I know how to find extrema of a function, however, I'm wondering how calculus would approach finding the maximum x-intercept achieved given a parametric function representing a parabola (or at least the first derivative so that the max distance achieved has a derivative of zero).
I was using a parametric equation for representing the path of a projectile.
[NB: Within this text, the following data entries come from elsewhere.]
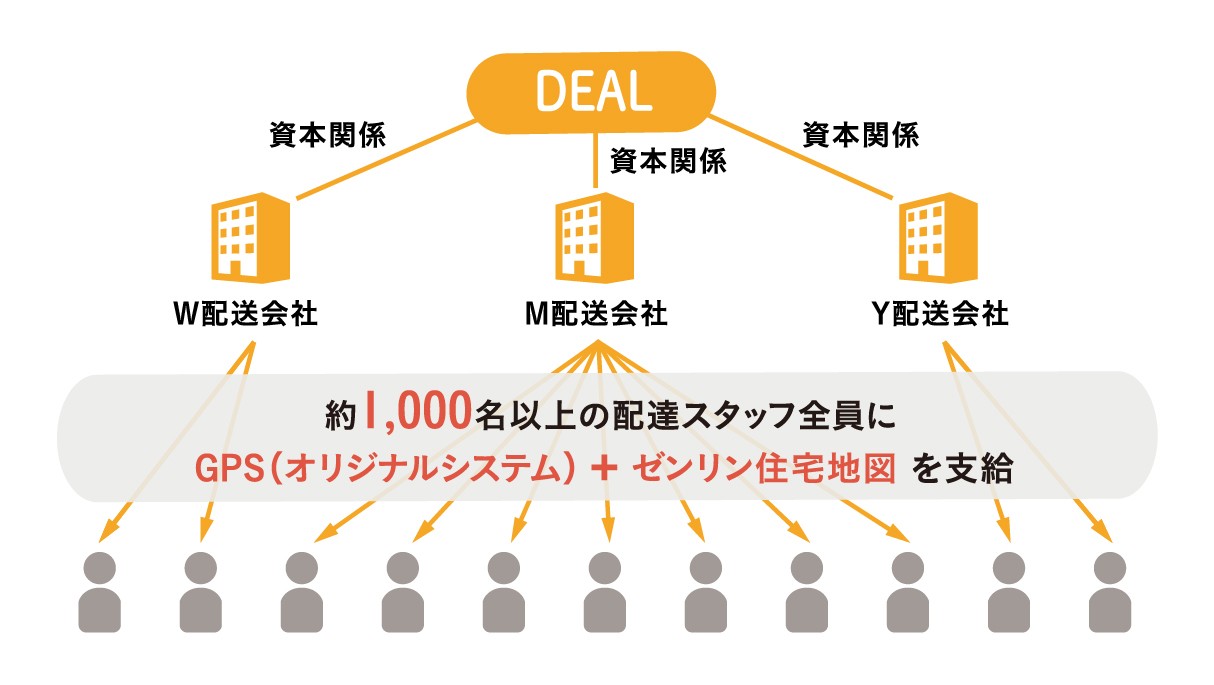 同社の強みは、営業エリアの緻密さと40年近くにわたり蓄積してきた配達ノウハウだ。もともと、全国に数十社あった地域ごとの有力ポスティング事業者が、統合・再編を繰り返しながら集約し、資本とノウハウを持ち寄ってDEALを設立した。そのため、全国に約1,000名以上の配達スタッフを擁しており、地域ごとの事情にも詳しい。
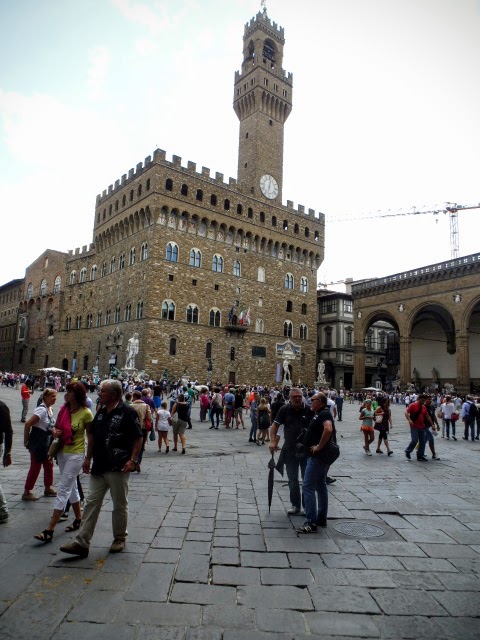 Fast ebenso überlaufen wie der Domplatz ist die Piazza della Signoria mit dem Palazzo Vecchio (dem Rathaus) und der Loggia dei Lanzi.
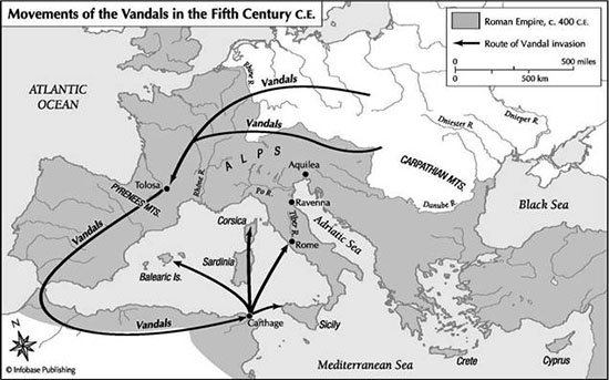 В 406 году орды варваров под общим командованием Радагайса переправились через Рейн и ворвались на территорию Западной Римской империи. Во вторжении участвовало множество племен, германцы атаковали на нескольких направлениях, и пока римляне отражали Радагайса в Италии, к северу от Альп племя за племенем проникало во внутренние провинции империи. Вторжение продолжалось, и трон короля занял его единственный законнорожденный сын сын  Гундерих. Старший брат нового короля, которого звали Гейзерих, был рожден от наложницы и не мог претендовать на престол, но вскоре, в качестве соправителя стал вторым по влиянию после короля, а после смерти брата создал империю и правил 50 лет.
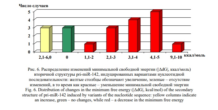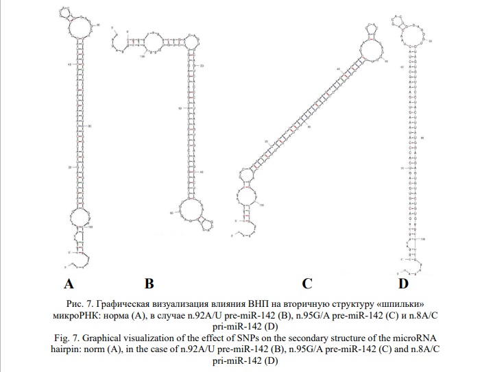 Заключение. Частота мутаций в гене MIR-142 в группе исследования составила 16,8%. При этом в каждом пятом случае имели место множественные однонуклеотидные замены, что косвенно свидетельствует о возможности феномена катаэгиса при ДВККЛ в области расположения данного гена. В целом полученные результаты свидетельствуют о существенном влияние ВПН в «ключевых» последовательностях на переключение генов-мишеней зрелых цепей изучаемой микроРНК, тогда как самые различные ВНП способны нарушать трехмерную организацию «шпильки» микроРНК предшественника. Необходимы дальнейшие функциональные исследования для подтверждения влияния предсказанных изменений термодинамической стабильности и вторичной структуры на биогенез зрелых цепей микроРНК.
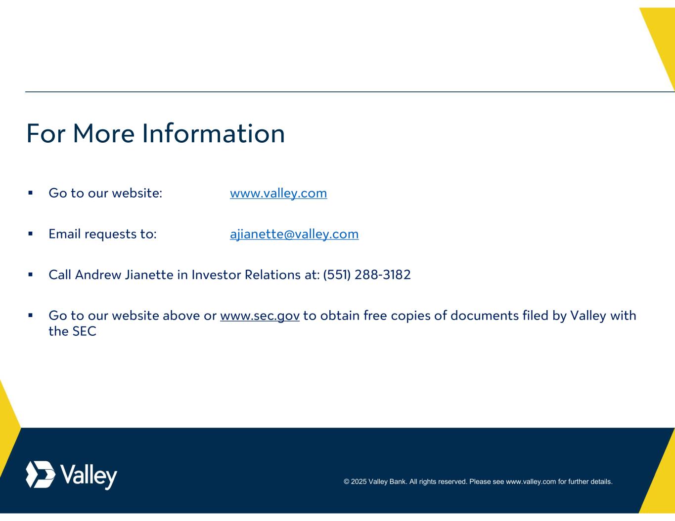 © 2025 Valley Bank. All rights reserved. Please see www.valley.com for further details.    
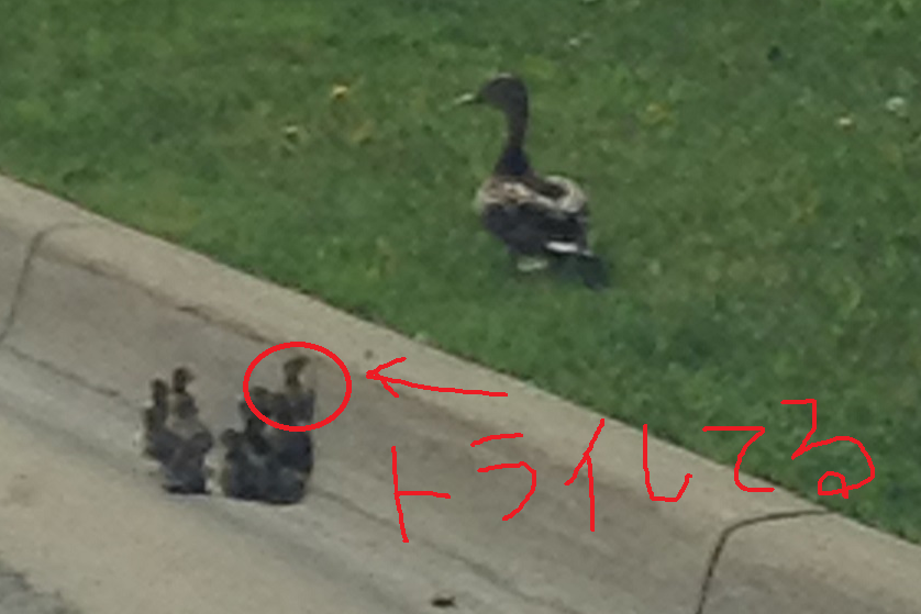 かわいらしいヒナたちは縁石のカベがどうしても超えられないのであった。
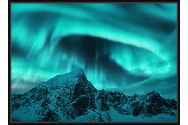 Ярко северно сияние, озаряващо нощното небе над заснежена планина. Зелените светлини създават магична и мистична атмосфера.
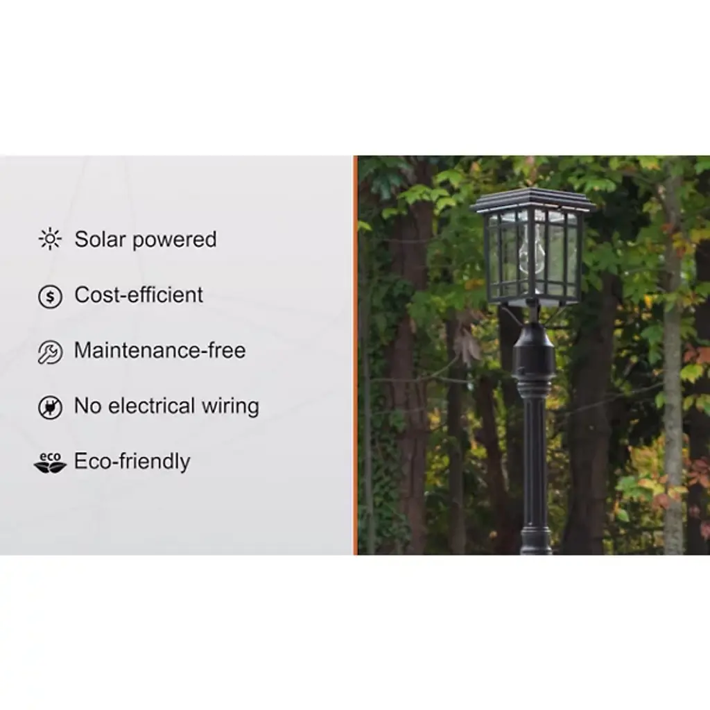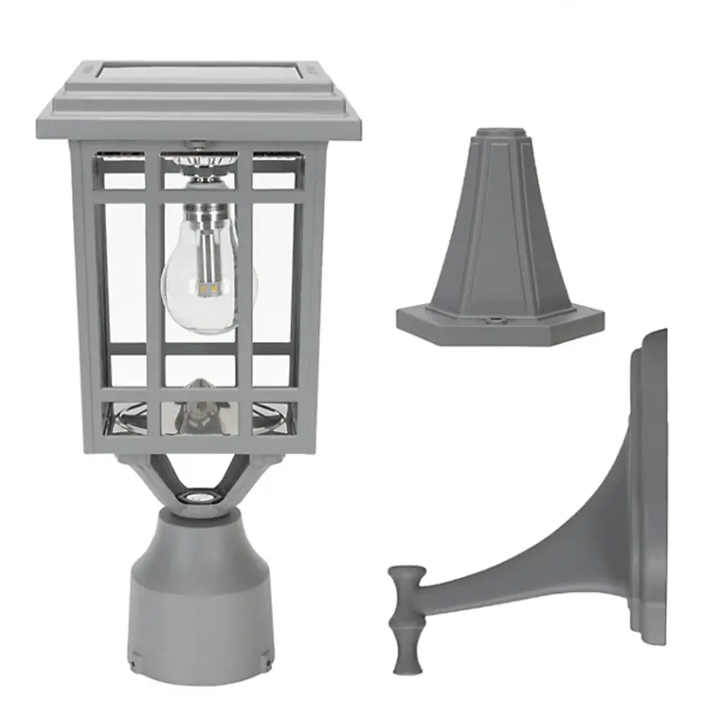 The Prairie Bulb Solar Outdoor LED Wall Sconce/Post Light from Gama Sonic presents a rustic country-inspired design and offers versatile mounting options, including post mount, pier/flat mount, and wall mount, catering to your outdoor solar lighting needs. Easy to install and stylish, this solar-powered light suits various outdoor spaces. Crafted from weather-resistant, rust-proof cast aluminum with a sleek powder-coated finish and flat grind glass panes, it features advanced solar LED bulb technology, providing comprehensive 360-degree illumination.

$$x=v_0\cos(\theta)t$$ $$y=v_0\sin(\theta)t+\frac{1}{2}(-9.8)\cos(t)$$
I thought initially to do parametric differentiation, but that wouldn't help find max x-intercepts. The goal would be to show that the max range is when $\theta$ is $45\unicode{xb0}$ through showing that the max x-intercept of the parabola is when $\theta$ equals $45\unicode{xb0}$. Is this achievable through calculus? Maybe does it have to do with the max x-coordinate of the vertex?
That should be
$$x=v_0\cos(\theta)t$$
$$y=v_0\sin(\theta)t+\frac{1}{2}(-9.8) t^2$$
$\dot x=v_0\cos(\theta)$ velocity makes projectile to travel to x $\rightarrow \infty $
To find $ x_{max}$ at starting height just let $y=0$ in the equation of parabolic trajectory.
To find maximum height reached set $\dot y = 0 $ treating $\theta$ temporarily constant and then next treat it as a variable for differentiation, getting $45^0.$